My advice is to start disengaging from sd and watch her like a hawk once your baby is born. Congratulations on your pregnancy.

DCGIRL's picture

We are in a state where he pays until she's 21.. I'm not sure why she's not working, I've asked the same question because I started working consistently at 16 years old and by the time I was 19, I was totally providing for myself. I may go to my mother here and there if I needed assistance, but for the most part I took care of myself.

Maxwell09's picture

I think it is because she is upset he is starting a "new" family and this little girl will get to have her mom and dad together. I'm sure she chalked it up to financial worries because other people won't argue with her about that especially if they don't know your DH's finances or if her and BM have projected your DH as a deadbeat.

SugarSpice's picture

your sd hates you as when your child is born she will no longer be the baby in the family.

she is a young woman and can be a mother herself at that age. at this age, she should be in school and have a job.

rather than be happy foryou and her father, she is jealous.

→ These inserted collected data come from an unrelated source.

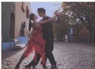
Dançarinos de tango 2016. Dança tradicional Argentina e Uruguai, hoje conhecida no mundo inteiro. O tango passou a integrar a lista de Patrimônios Imateriais da Humanidade em 2009.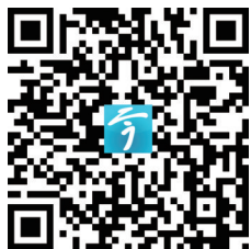
云上 看直播 扫描二维码

师作品。这些书法作品有的取法经典,有的来自民间,其中不乏发源于传统且兼具创造力的优秀作品。参赛书法教师既有刚成年的在校大学生,也有耄耋之年的老书法家,跨越了“老中青”三代,实现年龄“全覆盖”。 组委会工作人员透露,首届“米芾杯”全国青少年书法教师作品展将展出优秀书法篆刻作品(米芾奖)7件、书法篆刻入展作品123件,共计130件。从入展作品来看,一些书法指导老师已经写出了“国展”的水平,其精深功底可见一斑。 3月14日下午2:30,锁定“今日镇江”APP,期待与您“云”上相见。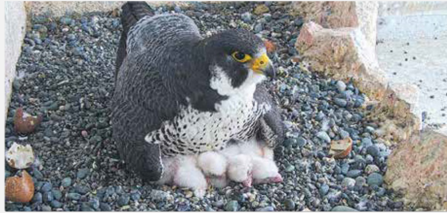
阪神高速道路 PA に隣接するホテルの高層階のベランダが、ハヤブサの営巣場所。雌親「さら」に守られて眠りにつく雛たち。本記事の営巣写真はリモートカメラで撮影した

実は、ホテルの高層階のベランダから巣立っていくハヤブサの行く先には高速道路のパーキングエリアや本線が隣接しており、巣立ち直後に車に轢かれる危険があった。そこで、巣立ち幼鳥たちを見守り、可能なら救助したいという目的で、地元のハヤブサファンやホテルの従業員、日本野鳥の会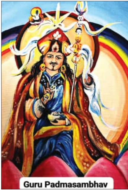
ଦ୍ୱିତୀୟ ବୁଦ୍ଧ କଥା

ଶାନ୍ତରାଜ୍ୟକୁ ପୁନଶ୍ଚ ତିବ୍ୱତ ଫେରାଇ ଆଣି ଲାସା ନିକଟରେ 'ସମୟେ' ମହାବିହାର ଭାରତରେ ଉପସ୍ଥାପନା ମହାବିହାର ଶୈଳୀରେ ନିର୍ମାଣ କରାଇ ସେଠାରେ ମୁଖ୍ୟ ଭାବେ ଅବସ୍ଥାପିତ କରାଇଲେ। ତିବ୍ୱତର ପ୍ରଥମ ବୌଦ୍ଧ ସଂପ୍ରଦାୟ ସେଠାରେ ପ୍ରତିଷ୍ଠା କରାଇଲେ। ତିବ୍ୱତରେ ଥିବା ବେଳେ ହିଁ ପଦ୍ମସମ୍ଭବ ଏହାର ପାର୍ଶ୍ୱବର୍ତ୍ତୀ ଅନାନ୍ୟ ହିମାଳୟ ଅଞ୍ଚଳ ଯଥା ଭୁଟାନ, ସିକିମ୍, ନେପାଳ, ଲଦାଖ, ହିମାଚଳ ପ୍ରଦେଶ, ଅରୁଣାଚଳ ପ୍ରଦେଶ ଆଦି ଅଞ୍ଚଳକୁ ଯାଇ ସେଠାରେ ଲାମାଧର୍ମର ବ୍ୟାପକ ପ୍ରଚାର ପ୍ରସାର ଘଟାଇଥିଲେ। ତିବ୍ୱତରେ ସେ ଥିବା ସମୟରେ ଏକ ନୂତନ ସମ୍ଭାଜନା ଓ ଜାଗରଣ ଘଟିଥିଲା ଏବଂ ସେ ସର୍ବଜନାତ୍ମକ ଧର୍ମଗୁରୁଭାବେ ପ୍ରତିଷ୍ଠା ଲାଭ କଲେ। ଏପରିକି ବୁଦ୍ଧକାଳରୁ ସେ ଅଧିକ ସମ୍ମାନ ଲାଭ କରିଥିଲେ। ତିବ୍ୱତୀୟ ତଥ୍ୟ ମୁତାବକ ସେଠାରୁ ସେ ଖ୍ରୀ ୮୦୨ରେ ଭାରତରେ ନିଜ ସ୍ଥାନ ଉନ୍ନତୀୟନକୁ ଫେରି ଯାଜପୁର ଅଞ୍ଚଳରେ ରହିଗି ଓ ଉପସ୍ଥାପିତ ମହାବିହାରରେ ରହିଲେ ଏବଂ ସେଠାରୁ ନିର୍ଗମିତ ଆସାମ ଦେଇ ଭୁଟାନକୁ ଯାତ୍ରାରେ କରୁଥିଲେ।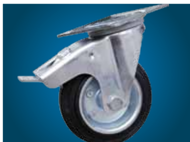
OPTIONAL 4 RUOTE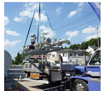
冷温水一次ポンプ搬出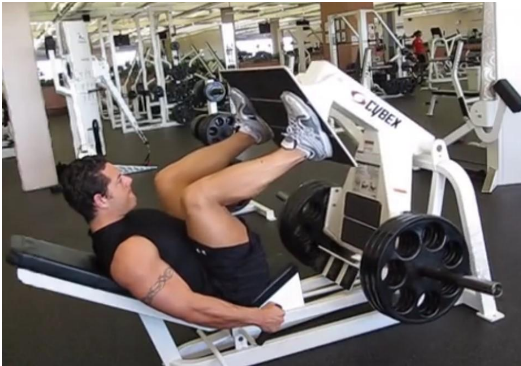
Slika 10 - lever 45° leg press, plate loaded, preuzeto s

Dinamični stabilizatori: tetive koljena / gastrocnemius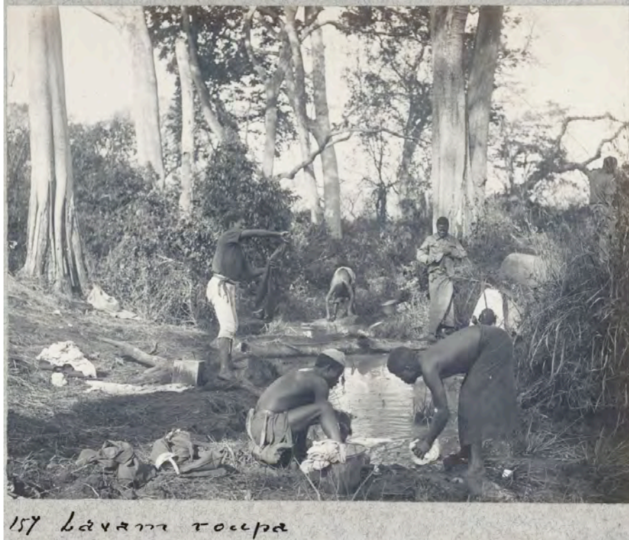
157 Lavam roupa

ou à saúde e às curas tradicionais, em que se destaca o tratamento das doenças por sangrias demoradas também são reportadas.

what a spoiled brat. immature and selfish.

dont let her rain on your parade and your happiness in your coming family.

I-m so happy agree about disengaging.

Acratopotes's picture

Ignore it Hon, you are the evil witch who took daddy away from them, that's what SD and BM believes and you will never change their view on the matter, You know it's not true, DH knows it's not true... so who cares what they think.

Congrats on the new baby, enjoy every moment of it and Hon, SD and her half sibling will never know each other, SD will never like the baby, the age difference is just to big, thus you will raise a single child or maybe 2, depends on what you and DH decided.

Do not involve you in SD and BM matters, they are not your family, DH can deal with them on his own, as long as DH can pay his bills and look after you who cares, DH is paying CS he does not have to take them on shopping spree's, that's why there's CS..... You keep your money separate and you just love your DH and baby...

Rags's picture

SD-19 is no longer a child. She gets smacked accertively (figuratively of course)just as any other adult threat to your family would. Quit worrying about her and write her off as she has her father and baby half sister.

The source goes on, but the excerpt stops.